***** SUPPLIED RECORDS
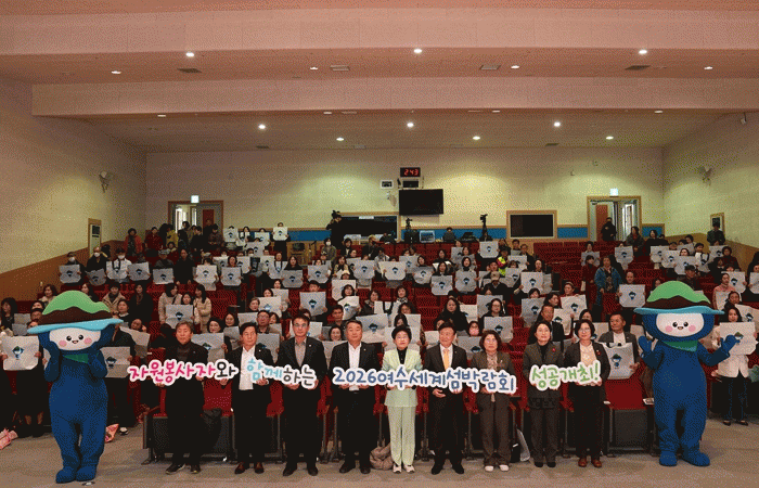 [¹Ìµð¾îÀü³² ÀüÇü¼º ±âÀÚ]¿©¼ö½Ã°¡ ÀÚ¿øºÀ»çÁÖ°£ Çà»ç¸¦ ¿¾î °ü³» ÀÚ¿øºÀ»çÀÚµéÀ» °Ý·ÁÇϰí, 2026¿©¼ö¼¼°è¼¶¹Ú¶÷ȸ ¼º°ø°³ÃÖ¸¦ À§ÇÑ ÀÚ¿øºÀ»ç µ¿ÂüÀ» µ¶·ÁÇß´Ù. 2ÀÏ ½Ã¿¡ µû¸£¸é ¡®ÀÚ¿øºÀ»ç¿Í ÇÔ²²ÇÏ´Â 2026¿©¼ö¼¼°è¼¶¹Ú¶÷ȸ ¼º°ø°³ÃÖ¡¯¡¦
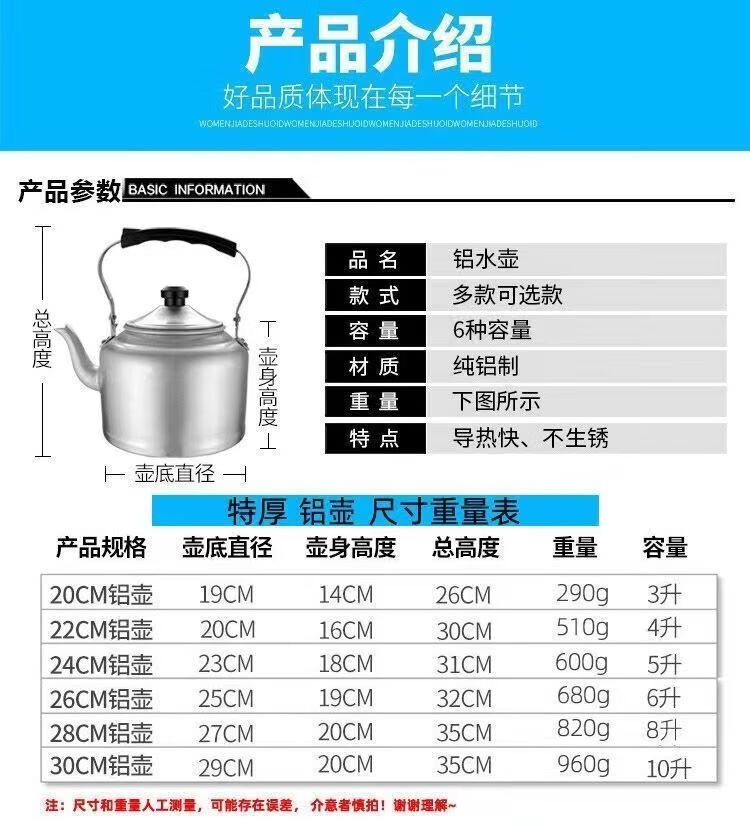 Thick aluminum kettle extra thick old-fashioned household outdoor firewood gas stove kettle household durable camping kettle 5000ml
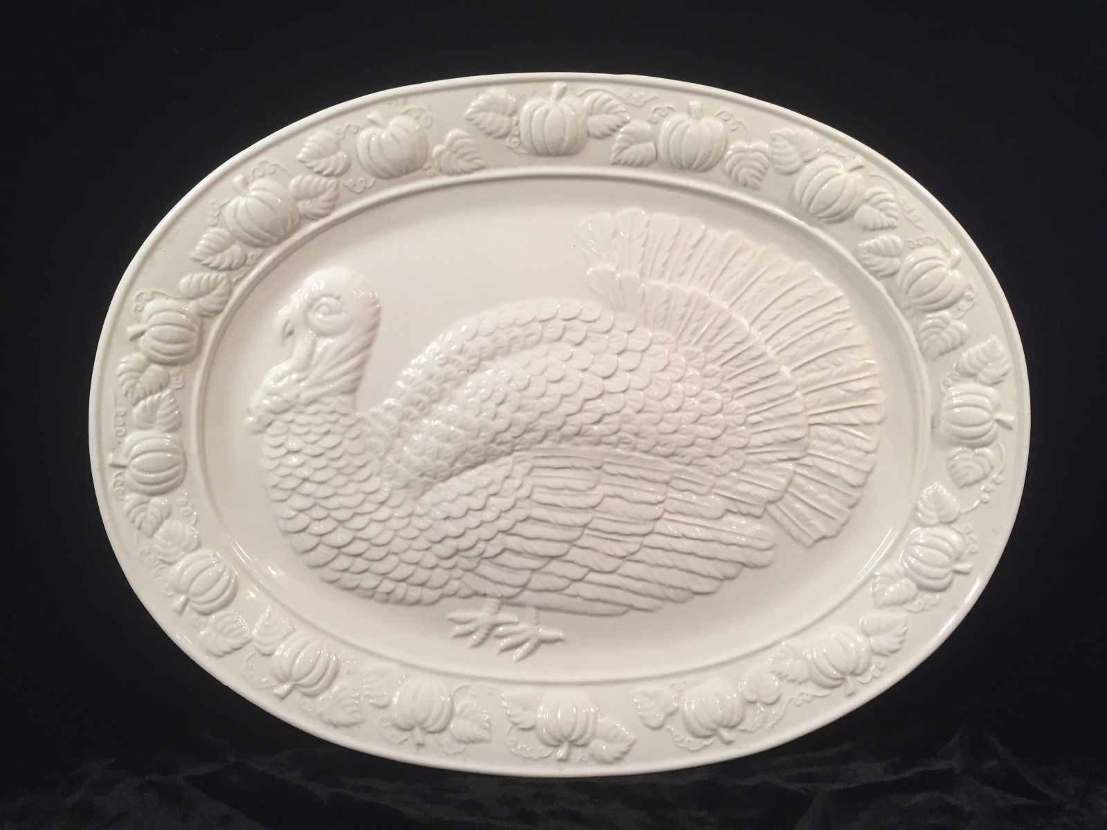 Title (ebay affiliate link): Large White Milk Glass Oval Turkey Platter w/Embossed Turkey & Pumpkin Border
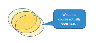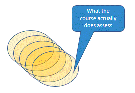 Let's strip away all those intermediate accretions. Go back to the initial step, "What the area of practice actually requires." and see how the final step, "What the course actually assesses" relates to it. There may be about 15% overlap. (Do the maths on the diagram and it doesn't work, but then the real world is much messier than this discussion—sorry!)
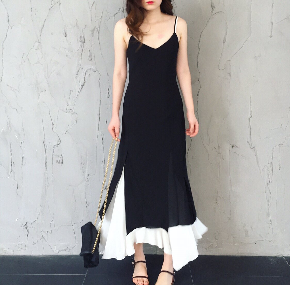 腰部间有压褶的收腰设计,很费料子黑白2层叠加
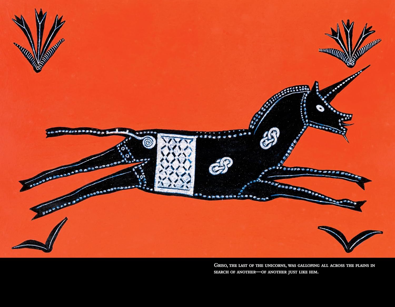 The last of his kind, Griso travels the world searching for unicorn companions. He asks beetles, chameleons, and buffalos if they’ve seen any mythical creatures like him, and all send him on his way saying, “Neither here nor at the edge of the world.” Griso gallops across plains, marshes, and mountains, he trots into the sunset and chats with fearsome narwals by the sea. On each spread, we see Griso rendered in a new artistic style, portrayed as a shadowy cave painting, a chivalrous medieval stead, or lost along a mind-bending surrealist horizon. Griso, the Unique introduces young readers to artistic movements spanning the 7th to 18th century, leaping across time and color with the flip of a page. In Daniel Hahn’s exquisite translation, Griso, the Unique opens the doors to a world of African painting, Tang Dynasty murals, medieval tapestries, and art hidden beneath Egyptian pyramids. A song of color, time, expression, and a fantastical search for belonging by Brazilian visionary, Roger Mello.
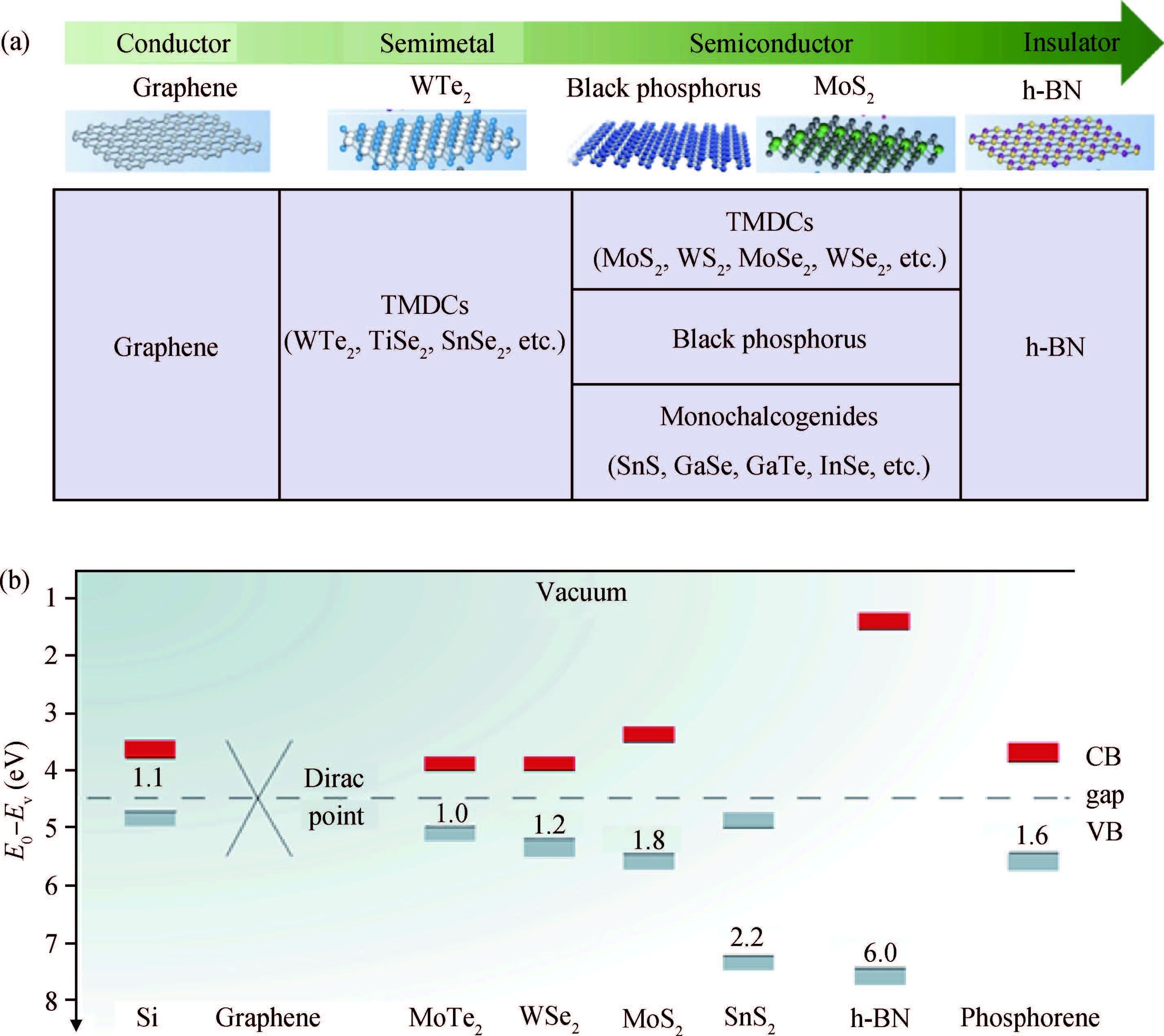 Fig. 1.  (Color online) The broad library of two-dimensional materials. (a) Two-dimensional materials library covering from conductor to insulator. (b) Energy level of two-dimensional materials compared with that of Si [9].
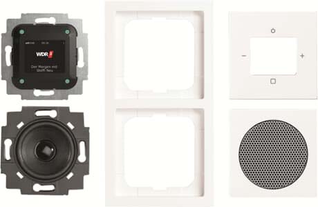 Einbaufertiger DAB+-Radiowecker für Monobetrieb (Set-Verpackung). Mit hochauflösendem Farbdisplay zur Anzeige von Zusatzinformationen. Bestehend aus Busch-Radio DAB+ 8215 U-101. Bestehend aus Lautsprecher-Einsatz 8223 U. Bestehend aus Zentralscheibe für Busch-Radio 8252-84-101. Bestehend aus Zentralscheibe für Lautsprecher-Einsatz 8253-84. Bestehend aus 2-fach future® linear Abdeckrahmen 1722-184K. Keine Spreize. Schraubbefestigung über Schlüssellöcher.
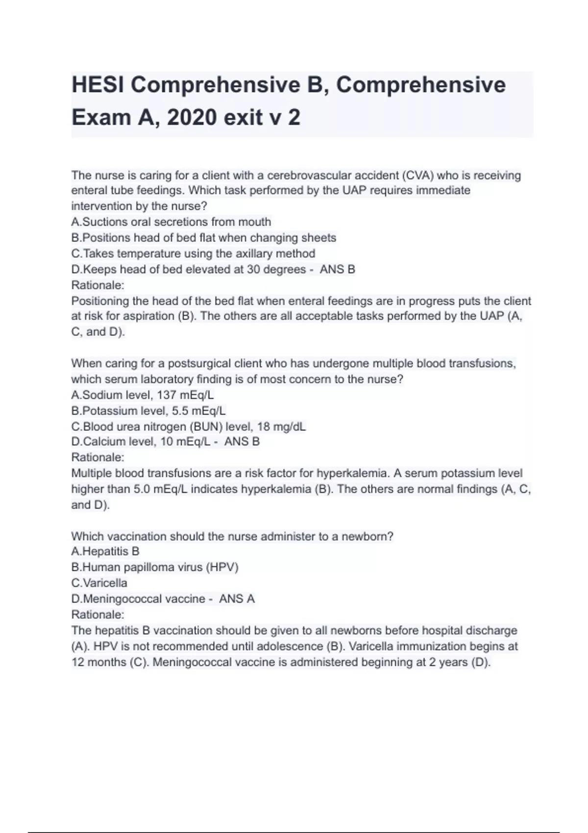 HESI Comprehensive B, Comprehensive Exam A, 2020 exit v 2 2024 Questions And Answers
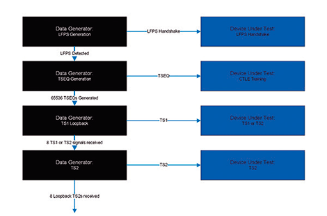 Para la preparación del bucle, el generador de datos inicia cada prueba configurando el puerto SS para que entre en el bucle (Figura 1). En primer lugar el generador de datos transmite señales periódicas de baja frecuencia (low frequency periodic signals, LFPS) para imitar las comunicaciones SS. El DUT responde entonces con un reconocimiento de la señal LFPS. El generador de datos transmite la señal de secuencia de preparación (training sequence, TSEQ) aplicando el ruido adecuado. Esto permite que el DUT forme la señal TSEQ y adapte los filtros internos para lograr las mejores prestaciones.
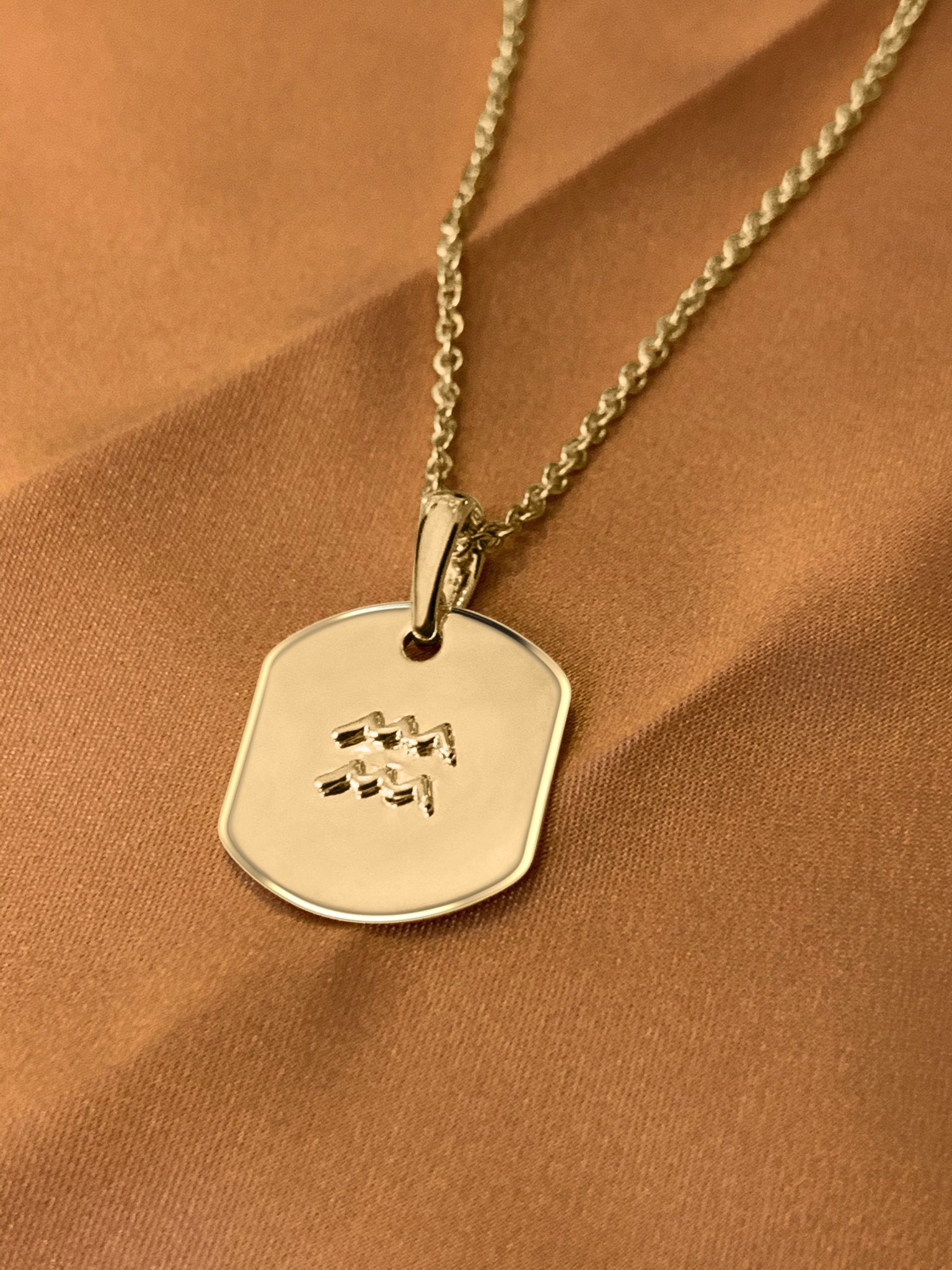 Aquarius Water-Bearer Amethyst & Diamond Constellation Tag Pendant Necklace in 14K Yellow Gold Vermeil on Sterling Silver
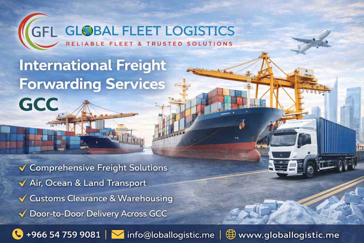 Searching***for international***freight***forwarding***services***GCC? Global***Logistic***offers***reliable***shipping***and***transportation***solutions***across***GCC***countries***with***efficient***customs***clearance***and***complete***logistics***support. We***manage***air***freight, sea***freight, and***land***freight***to***ensure***smooth***delivery***for***commercial***shipments***and***industrial***cargo. With***experienced***planning, strong***carrier***networks, and***real-time***coordination, we***reduce***delays***and***improve***cost***efficiency. Partner***with***Global***Logistic***for***trusted***freight***forwarding***in***GCC.
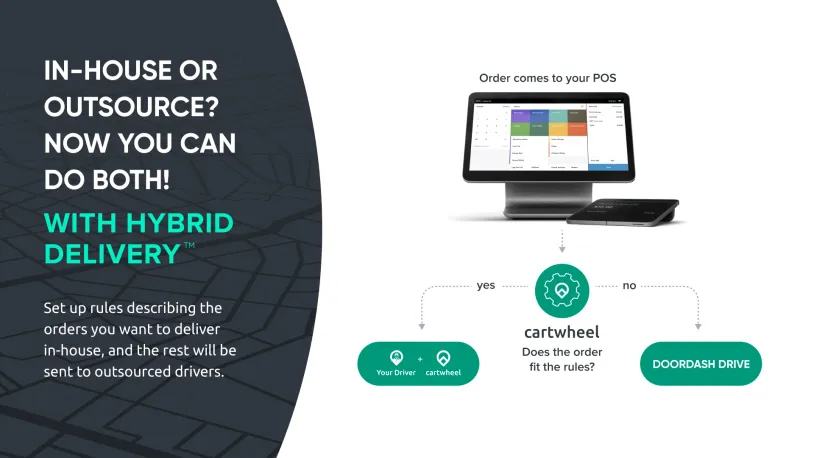- We offer Hybrid Delivery where restaurants can establish their rules in Cartwheel and based on these rules, we decide if their in-house driver takes the order or whether we send it to a third party.
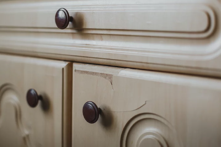 If your cabinets are made of wood, whether they’re solid wood or some kind of fiberboard, the chances are that they have been absorbing and releasing moisture on and off for the whole time you have had them. Even in climates where it isn’t particularly humid, wood contracts and expands with the seasons. While this is normal, the wood will eventually begin to crack after many years of this process. If you notice any cracking or severe swelling, your cabinets are showing signs that they’re on their way out.
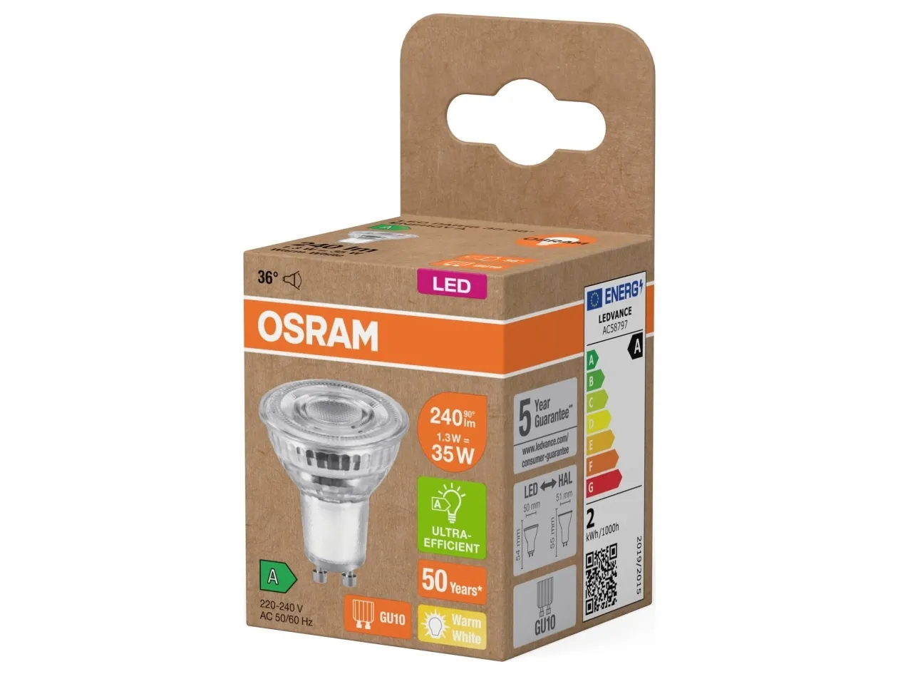 OSRAM 4099854245190 LED-reflektor glödlampa EEK A (A - G) GU10 Reflektor 1,3 W = 35 W Varmvit (Ø x H) 50 mm x 50 mm 1 st.
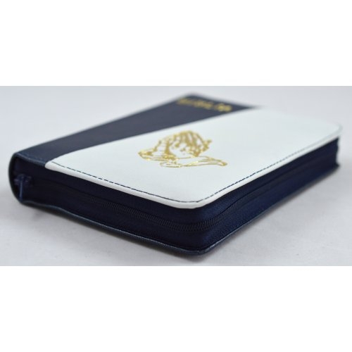 Biblia din piele, bleumarin inchis / alb, dimensiune mica, fermoar, cu maini in ruga, cuv. lui Isus cu rosu [043]
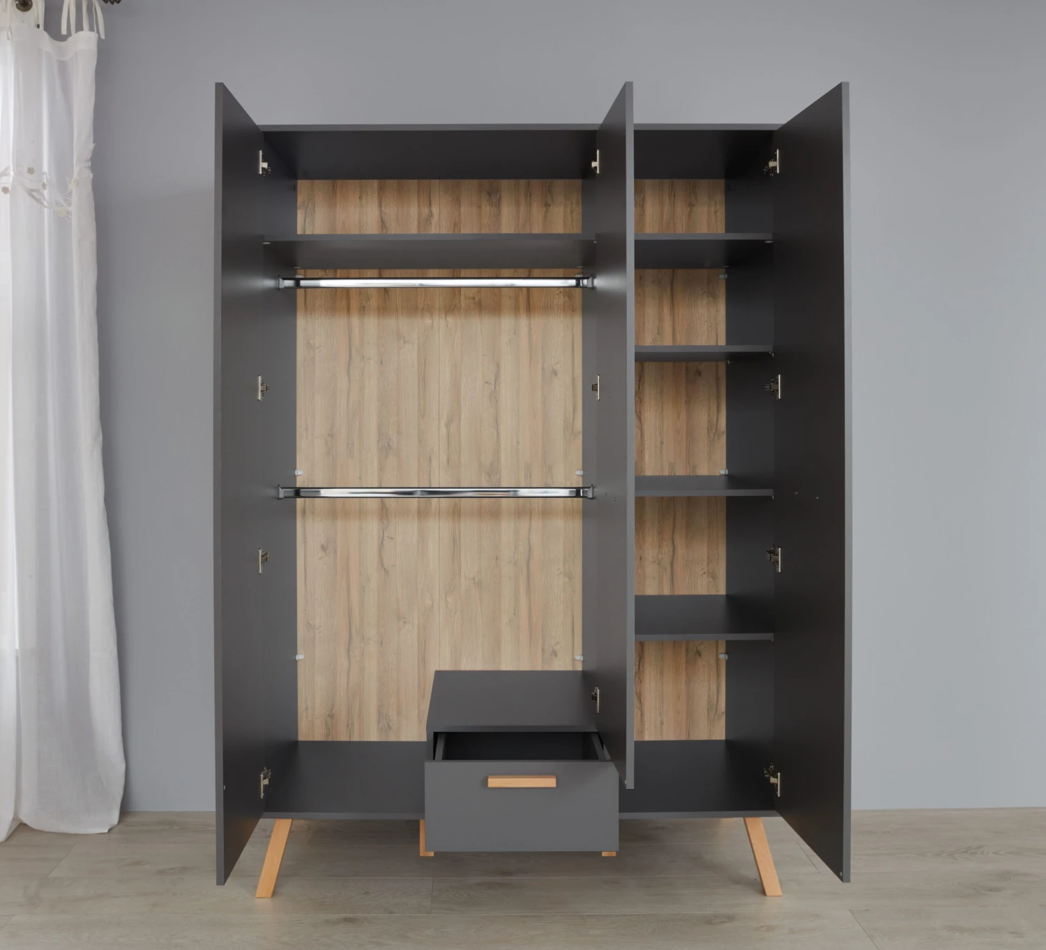 Een van de belangrijkste voordelen van deze kast is de ruime opbergruimte. Met drie deuren, een lade en meerdere planken kun je gemakkelijk je kleding, accessoires en andere spullen ordenen. Ondanks zijn grootte neemt deze kast niet te veel vloeroppervlak in beslag, waardoor hij ook geschikt is voor kleinere kamers.
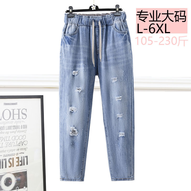 300斤特大码女装胖mm松紧腰牛仔裤女破洞宽松显瘦百搭哈伦九分裤
**********
YOUR OBJECTIVE:
Retype only the lines from the one with "- We offer Hybrid" through the final line of the entries, please, and keep the pictures out.

RESULT OF THE TASK:
- We offer Hybrid Delivery where restaurants can establish their rules in Cartwheel and based on these rules, we decide if their in-house driver takes the order or whether we send it to a third party.
 If your cabinets are made of wood, whether they’re solid wood or some kind of fiberboard, the chances are that they have been absorbing and releasing moisture on and off for the whole time you have had them. Even in climates where it isn’t particularly humid, wood contracts and expands with the seasons. While this is normal, the wood will eventually begin to crack after many years of this process. If you notice any cracking or severe swelling, your cabinets are showing signs that they’re on their way out.
 OSRAM 4099854245190 LED-reflektor glödlampa EEK A (A - G) GU10 Reflektor 1,3 W = 35 W Varmvit (Ø x H) 50 mm x 50 mm 1 st.
 Biblia din piele, bleumarin inchis / alb, dimensiune mica, fermoar, cu maini in ruga, cuv. lui Isus cu rosu [043]
 Een van de belangrijkste voordelen van deze kast is de ruime opbergruimte. Met drie deuren, een lade en meerdere planken kun je gemakkelijk je kleding, accessoires en andere spullen ordenen. Ondanks zijn grootte neemt deze kast niet te veel vloeroppervlak in beslag, waardoor hij ook geschikt is voor kleinere kamers.
 300斤特大码女装胖mm松紧腰牛仔裤女破洞宽松显瘦百搭哈伦九分裤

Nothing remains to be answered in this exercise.